Member of Parliament for Great Yarmouth
- In office 1906–1922
- Preceded by: Sir John Colomb
- Succeeded by: Arthur Harbord

Personal details
- Born: 7 August 1850 Nelson, New Zealand
- Died: 29 December 1934 (aged 84) Wimbledon, London, England
- Parent: Alfred Fell (father)
- Relatives: Charles Fell (brother) George Fell (brother) Walter Fell (brother) Alfred Fell (nephew) William Richmond Fell (nephew) Anthony Fell (politician) (grandson) Henry Seymour (grandfather)
- Alma mater: St John's College, Oxford

= Arthur Fell =

English politician

Sir Arthur Fell (7 August 1850 – 29 December 1934) was an English solicitor and Conservative Party politician.
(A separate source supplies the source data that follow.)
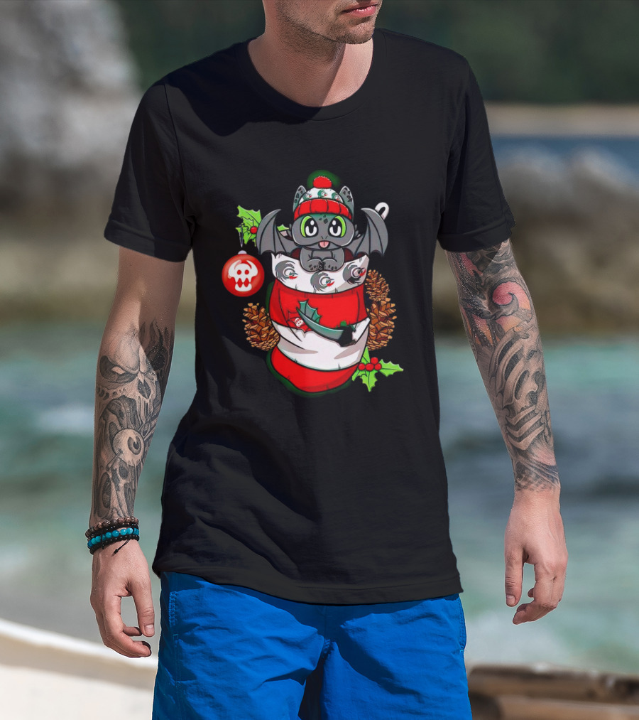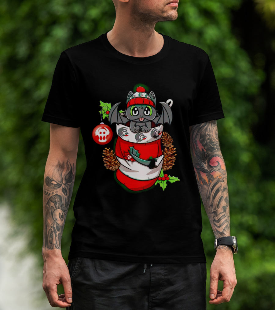 Baby Dragon Holiday Stocking With Skull Ornament And Pinecones T-Shirt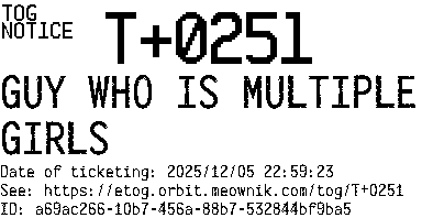 Orbit eTOG Listing Service: T+0251 GUY WHO IS MULTIPLE GIRLS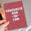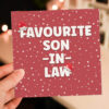 Funny favourite in laws Christmas card for mother, father, son, daughter, brother or sister in law (Size A6/A5/A4/Square 6×6″)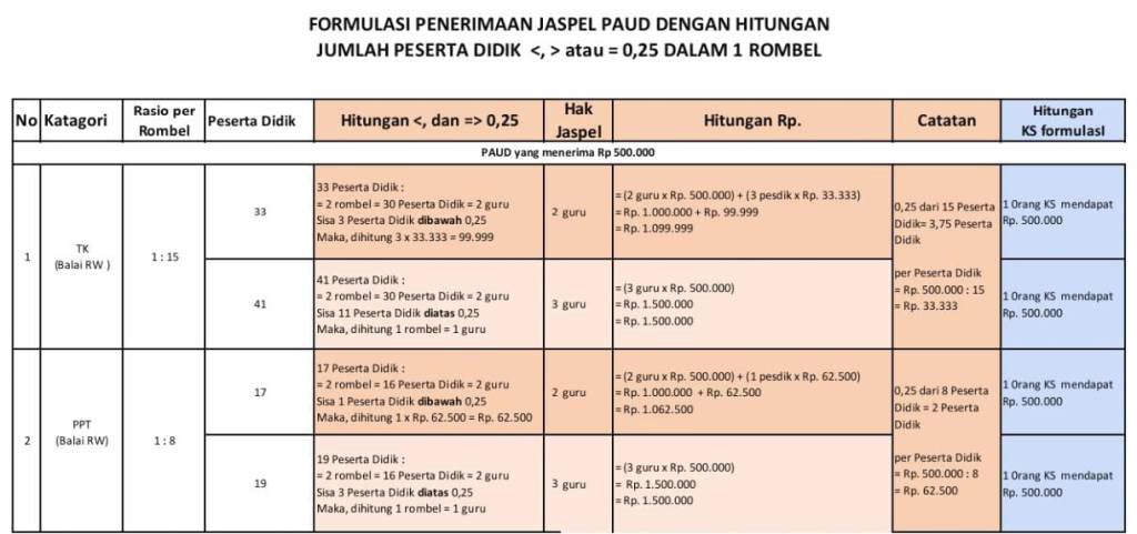 JASA PELAYANAN: Uang Jaspel tenaga pendidikan PAUD akan diberikan setiap bulan. | Tabel: Pemkot Surabaya JASA PELAYANAN: Uang Jaspel tenaga pendidikan PAUD akan diberikan setiap bulan. | Tabel: Pemkot Surabaya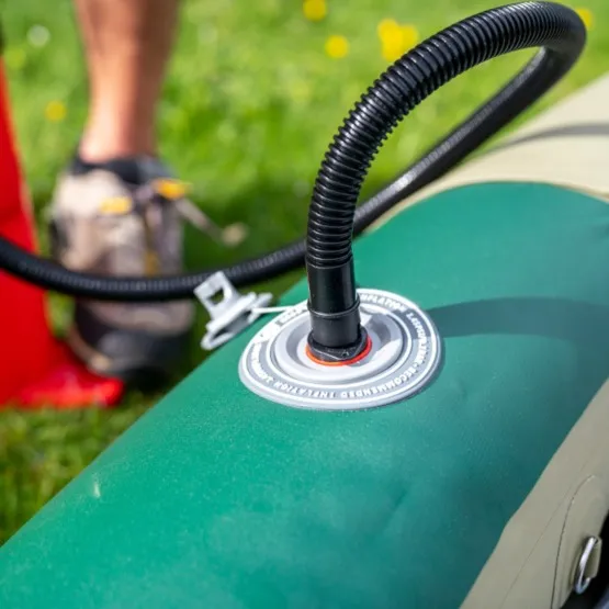 Wysokociśnieniowy zawór umożliwia szybkie pompowanie i spuszczanie powietrza z kajaka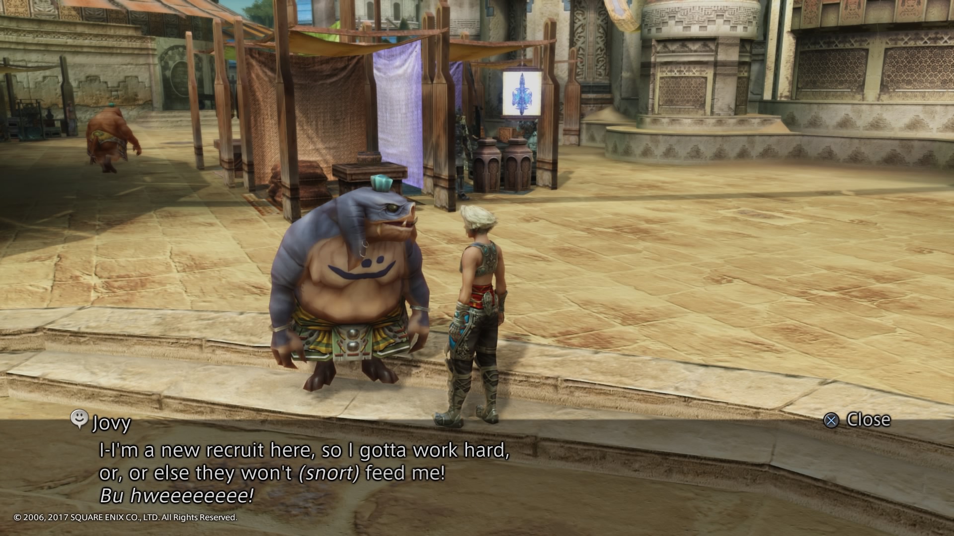 Jovy is a seeq living in Nalbina who knew Vaan's elder brother Reks. After completing all the hunts at Nalbina, the player gets a scene with Jovy and some items.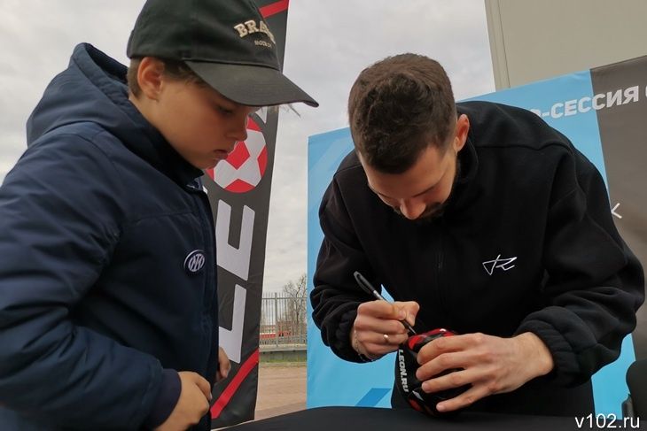 На «Волгоград Арене» начался матч 28-го тура Первой лиги - «Ротор» принимает дома «Сокол». Пришедшим пораньше болельщикам было, чем занять себя в ожидании игры. Автограф-сессию провел защитник сине-голубых Николай Покидышев.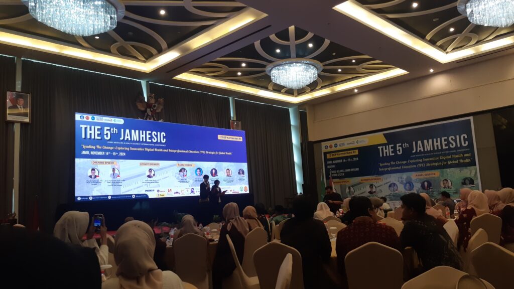 Acara yang diselenggarakan oleh Fakultas Kedokteran dan Ilmu Kesehatan Universitas Jambi ini menghadirkan pembicara-pembicara terkemuka dari berbagai disiplin ilmu kesehatan, serta para akademisi dan praktisi dari dalam dan luar negeri. Tema konferensi kali ini menyoroti pentingnya inovasi digital dalam kesehatan dan strategi Pendidikan Antarprofesi (IPE) yang dapat memperkuat kolaborasi antarprofesional dalam upaya meningkatkan kesehatan global.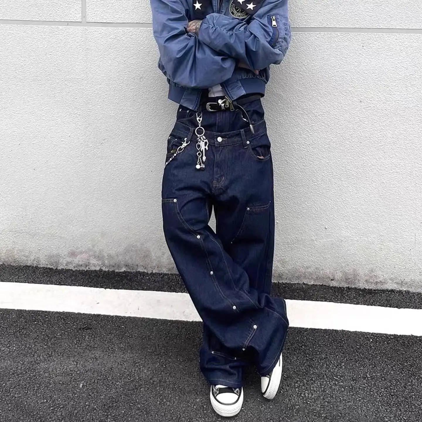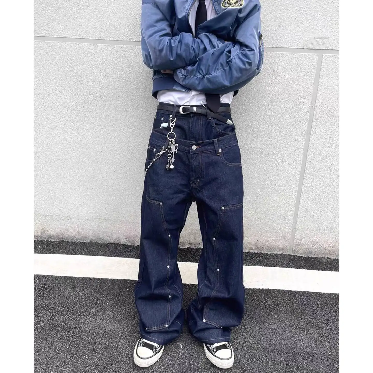 AIDASE - High Street Men's Jeans Washing Solid Color Metal Rivets Double Waistband Wide Leg Straight Loose Male Denim Pants 24K5919
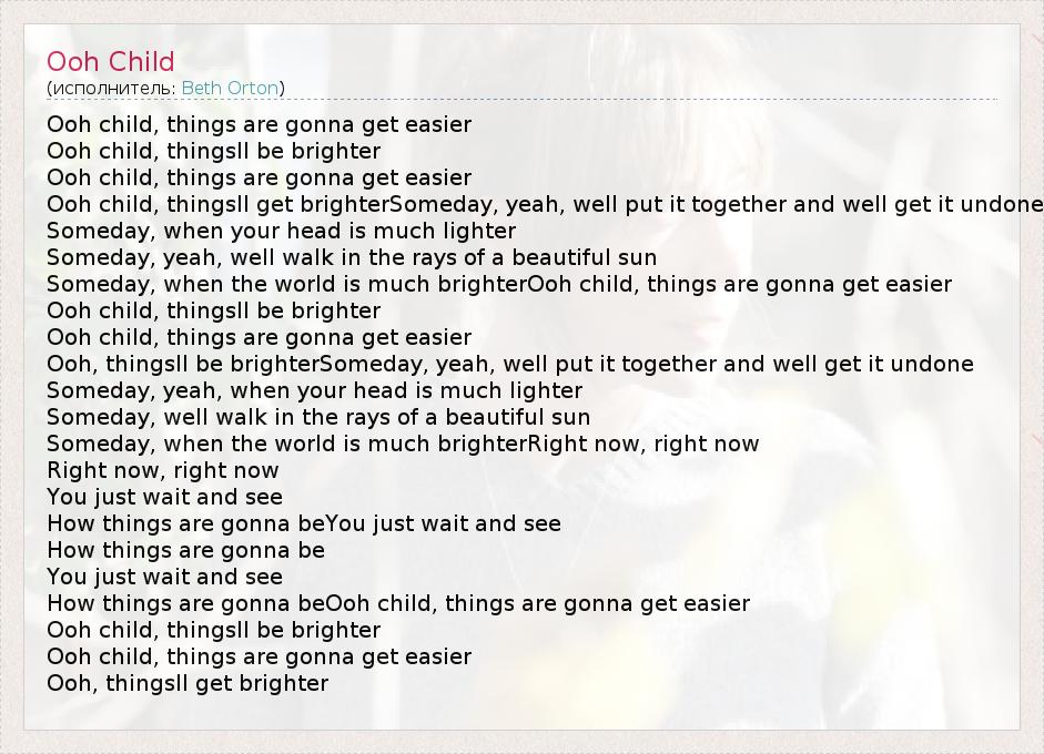 А как ты думаешь, о чем песня "Ooh Child" ?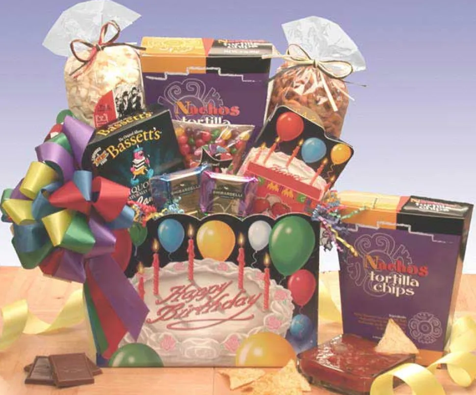 Includes: 2 oz. White Cheddar Popcorn, 4 oz. Pretzel sticks, 2 oz. Nacho Tortilla Chips, Petit Fruit Licorice, Celebrate Birthday Jelly Beans, Nacho Cheese Dip, Honey Sweet peanuts in a Birthday Box, Assorted Ghirardelli Chocolates 8 Squares and “Happy Birthday” Gift Box.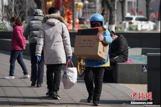 资料图:北京复工首日,一名外送员怀抱纸箱走出金融街购物中心。中新社记者 崔楠 摄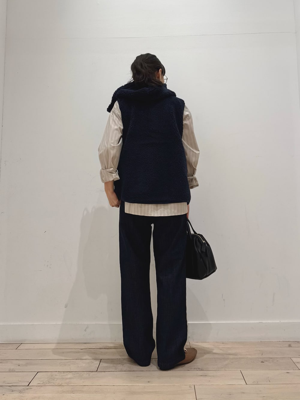 シャツ×デニムパンツにボアベストで季節感をプラスしました◎

After a notorious legal case in 1906 where a biased judge dismissed an election petition against him, Fell sat in the House of Commons from 1906 to 1922 for Great Yarmouth. He was noted as an opponent of free trade and as a persistent advocate of a Channel Tunnel.

== Early life ==
Fell was born in the city of Nelson, New Zealand, the fourth son of Alfred Fell and brother of Charles Fell, mayor of Nelson. He was educated at St John's College, Oxford, where he graduated in 1871 with a B.A. degree. He qualified as a solicitor in 1874, becoming a partner in the firm of Hare and Fell, agents to the Treasury Solicitor.

== Career ==
Fell moved from law into business, becoming involved in a range of companies including three of which he was chairman: the African City Properties Trust, the Siberian Syndicate and the Spassky Copper Mine. He travelled in Europe and in the British Dominions.

=== 1906 election ===
In July 1904, Fell was selected as the Conservative candidate for the borough of Great Yarmouth,
where the sitting Conservative Member of Parliament (MP) Sir John Colomb was retiring and had recommended Fell to the Yarmouth Conservatives. At the general election in 1906, Fell won the seat with a majority of 236 votes (3% of the total).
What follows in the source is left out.